Lots of people have been sucked in to the lab leak conspiracy theory based on reporting in newspapers and magazines. One of the widely-cited sources is an article published in Newsweek on June 2, 2021. The focus of the article is on How Amateur Sleuths Broke the Wuhan Lab Story and Embarrassed the Media. Those "amateur sleuths" go by the name "Decentralized Radical Autonomous Search Team Investigating COVID-19" or DRASTIC. I'm not interested in them; I'm interested in scientific facts so let's look at all of the so-called "facts" in the Newsweek article. I'll leave it up to you, dear reader, to judge whether the media should be embarrassed by this story.

Newsweek statment #1: Thanks to DRASTIC, we now know that the Wuhan Institute of Virology had an extensive collection of coronaviruses gathered over many years of foraging in the bat caves, and that many of them—including the closest known relative to the pandemic virus, SARS-CoV-2—came from a mineshaft where three men died from a suspected SARS-like disease in 2012.

Some of this is correct. The WIV scientists and their collaborators have been collecting samples from bats all over China and Indochina for several years and many of them have been examined for the presence of coronaviruses. WIV scientists routinely sampled bats from the Yunnan mine cave from 2012 to 2015 after they were informed that four people had been admitted to hospital with severe respiratory disease in 2012 (one of them died). The workers tested negative for Ebola, Nipah virus, and coronavirus so the scientists were looking for a likely unknown virus that caused the infection. (The serum samples were subsequently tested for SARS-CoV-2 and they were negative.)

Several coronaviruses were detected in the bat samples based on short PCR sequences (370 bp) from the RdRp gene and they were classified as either alphacoronaviruses or betacoronaviruses. The data was published in 2016 (Ge et al., 2016) and the sequences were deposited in GenBank in 2016. Improvements in sequencing technology in 2018 prompted a re-examination of those bat samples and an almost full-length sequence of a betacoronavirus was obtained (missing the 5′ and 3′ ends). This virus was named RaTG13 and one of the short GenBank sequences identified as BtCoV/4491 (Accession #KP876546) comes from that virus (Zhou et al., 2020 Addendum).

The bat virus is RaTG13 and it is 96% similar in sequence to SARS-CoV-2—that means that they probably shared a common ancestor about 50 years ago (Zhou et al. 2020).
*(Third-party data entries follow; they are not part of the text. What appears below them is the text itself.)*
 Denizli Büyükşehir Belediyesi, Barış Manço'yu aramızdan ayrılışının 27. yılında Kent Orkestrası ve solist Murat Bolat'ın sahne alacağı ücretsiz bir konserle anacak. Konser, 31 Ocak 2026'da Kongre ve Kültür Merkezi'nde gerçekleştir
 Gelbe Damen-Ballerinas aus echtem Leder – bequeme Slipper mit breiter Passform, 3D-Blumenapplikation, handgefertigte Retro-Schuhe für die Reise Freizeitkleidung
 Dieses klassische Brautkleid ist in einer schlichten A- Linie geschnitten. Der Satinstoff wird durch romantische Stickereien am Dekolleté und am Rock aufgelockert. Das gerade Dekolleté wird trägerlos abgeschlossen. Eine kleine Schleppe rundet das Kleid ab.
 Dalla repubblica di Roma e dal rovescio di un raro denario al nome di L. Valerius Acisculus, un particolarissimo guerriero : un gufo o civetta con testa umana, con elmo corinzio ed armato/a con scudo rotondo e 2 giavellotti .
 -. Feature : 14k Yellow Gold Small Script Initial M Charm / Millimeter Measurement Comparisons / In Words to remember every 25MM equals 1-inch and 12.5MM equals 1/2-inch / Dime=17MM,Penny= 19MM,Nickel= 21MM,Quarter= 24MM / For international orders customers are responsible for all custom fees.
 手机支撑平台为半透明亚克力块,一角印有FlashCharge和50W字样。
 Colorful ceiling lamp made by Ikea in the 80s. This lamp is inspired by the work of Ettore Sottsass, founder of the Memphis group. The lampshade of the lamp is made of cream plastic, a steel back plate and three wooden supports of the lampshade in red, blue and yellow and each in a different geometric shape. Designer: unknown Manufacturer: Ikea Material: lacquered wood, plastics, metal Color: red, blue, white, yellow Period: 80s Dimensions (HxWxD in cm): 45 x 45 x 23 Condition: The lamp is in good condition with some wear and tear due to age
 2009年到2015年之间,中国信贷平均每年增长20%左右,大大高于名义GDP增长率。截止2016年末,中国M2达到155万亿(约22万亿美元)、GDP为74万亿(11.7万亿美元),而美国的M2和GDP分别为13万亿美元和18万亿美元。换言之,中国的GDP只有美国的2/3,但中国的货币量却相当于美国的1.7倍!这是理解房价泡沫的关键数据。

The sequence was deposited in GenBank as Accession #Mn996532. There are parts of SARS-CoV-2 that are not closely related to RaTG13 and this includes the spike protein gene, which is essential for infecting humans. The spike gene sequence is most closely related to a coronavirus from pangolins, Pangolin-Cov.

The data is consistent with a recombination event between different strains of coronaviruses giving rise to SARS-CoV-2 or its immediate ancestors. Such recombinations are a common feature of coronavirus propagation in various animals, including bats. What's clear is that none of the currently known coronavirus sequences could possibly be the ancestors of SARS-CoV-2 so the hunt is on to locate those viruses.
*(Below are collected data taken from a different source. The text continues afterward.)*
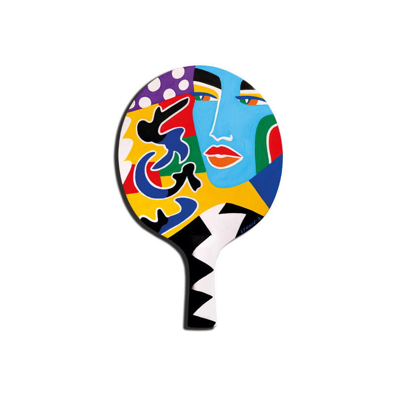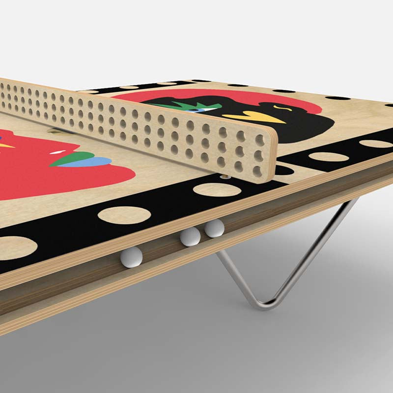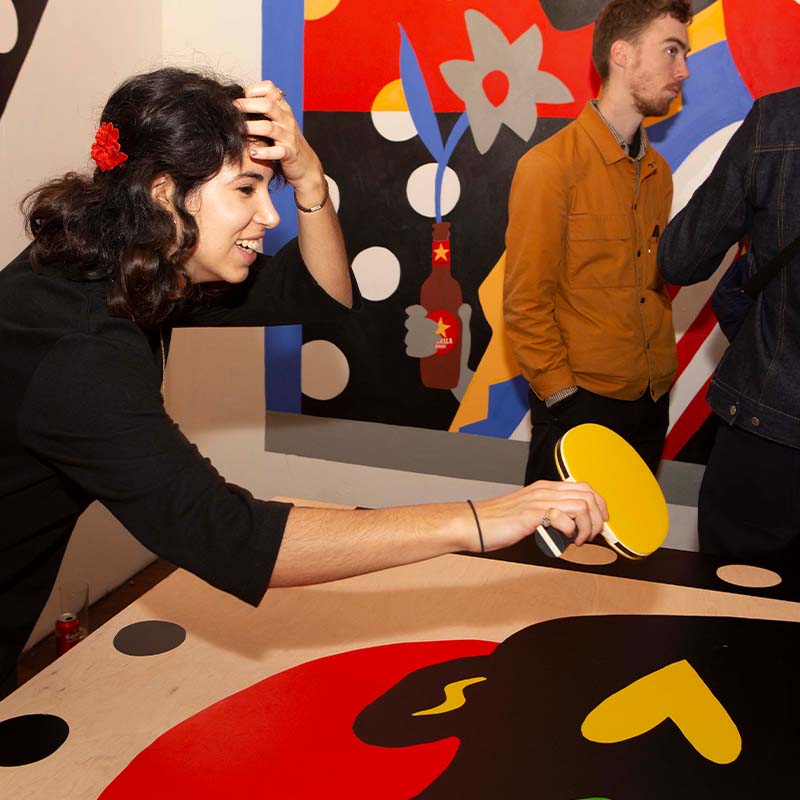 In 2015 we invited Lynnie to be part of our exhibition and charity auction. We worked with her again in 2018 on a joint exhibition in London creating a ping pong playground centred around one of our full-size tables featuring Lynnie’s artwork.
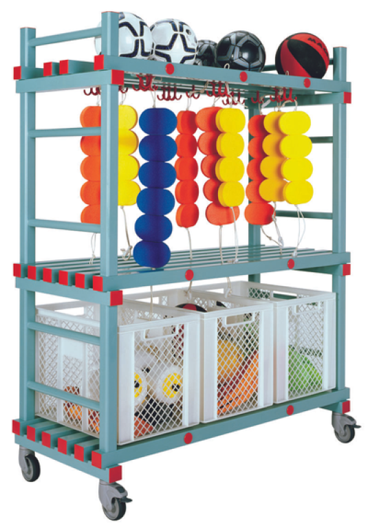 Chariot porte-équipements idéal pour suspendre brassards et ceintures, et ranger tous types de matériel.
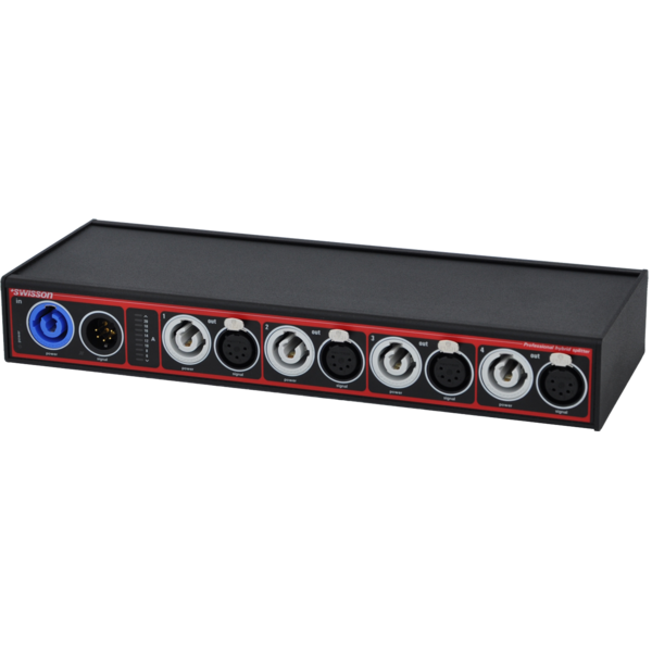 The XSH hybrid splitter allows for distributing power and a DMX signal within one single unit. The XSH features a powerCon 20A input and an XLR input and four pairs of powerCon 20A and XLR outputs. This combination comes especially handy with modern DMX setups, where so-called 'hybrid cables' with XLR and powerCon connectors are frequently used. The XSH comes with a built-in amp meter which makes it a breeze to keep track of the amount of power that is consumed, allowing its user to take action before the cables are operated at their limits. With the RDM option, it is also possible to remotely monitor the current draw.
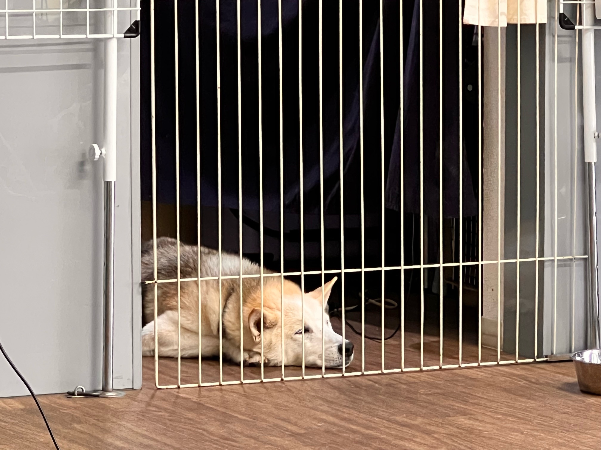 最後は西川先生の愛犬、鉄三郎君(閉じ込められて寝てしまった)の写真で終わりたいと思います🐶💤
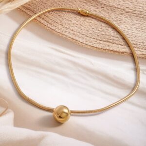 22K Gold Plated Stainless Steel TarnishFree Waterproof Necklace with Polished Sphere – Gold
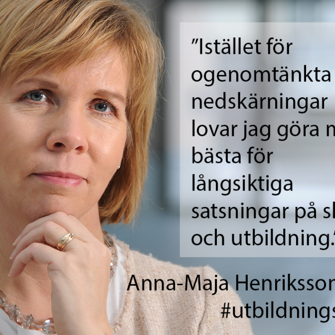 – I den grundläggande utbildningen vill vi garantera tillgången till god elevvård och mångsidigt stöd längs hela inlärningsstigen. Gruppstorleken ska alltid beakta gruppens sammansättning, så att alla barns rätt till inlärning tryggas. Behörig personal på alla utbildningsnivåer ska vara en grundrättighet och lärarnas välmående måste beaktas bättre, säger Anna-Maja Henriksson.

Recently, the scientists at WIV and their collaboratore at the University of Chinese Academy of Sciences in Beijing looked at some of the other samples from bat anal swabs collected in Yunnan in 2015. This in depth analysis was prompted by the discovery of SARS-CoV-2 and the pandemic. They found a number of other bat coronavisus sequences and some of them were more closely related to SARS-CoV-2 in the ORF1b regions but not in other parts of the genome. Again, this is consistent with frequent recombination events that have been documented over the past few decades. Surprisingly, some of these new bat coronavisuses were able to use the bat angiotensin-converting enzyme 2 (ACE2) as a receptor, but they did not bind to human ACE2. (These assays take a lot of time and effort.) This and other data show that the evolution of ACE2 binding can occur in bats giving rise to a generalist virsus, SARS-CoV-2, than can bind to ACE2 from many different species. (MacLean et al., 2021; Guo et al., 2021).

A group of scientists from France, United States, Vietnam, and Cambodia looked at bat samples that were collected in Cambodia in 2010 and found coronaviruses from another species of bats that were cloesly related to SARS-CoV-2 across most of the genome except for a small region of the spike protein gene. In some parts of the genome (ORF1a and ORF8) these viruses were more closely related to SARS-CoV-2 than RATG13 (Hu et al. 2021). The evolutionary history of the Cambodian viruses indicate that they are mosaic viruses due to recombination events. This data indicates that SARS-CoV-2 related viruses are found in Southeast Asia as well as China—that's signficant since pangolins are only found in Southeast Asia and not in China.

SARS-CoV-2-like viruses have also been found in Thailand (Wacharapluesadee et al., 2021).

A group centered in Taian, China, has recently examined coronaviruses from bats at the botanical garden in Mengal county in Yunnan. They have identified four additional SARS-CoV-2 related viruses including one, RpYN06, that is the closest relative to SARS-CoV-2 outside of the spike gene. This is now the leading candidate for the "backbone" that might have given rise to the pandemic virus (Zhou et al., 2021).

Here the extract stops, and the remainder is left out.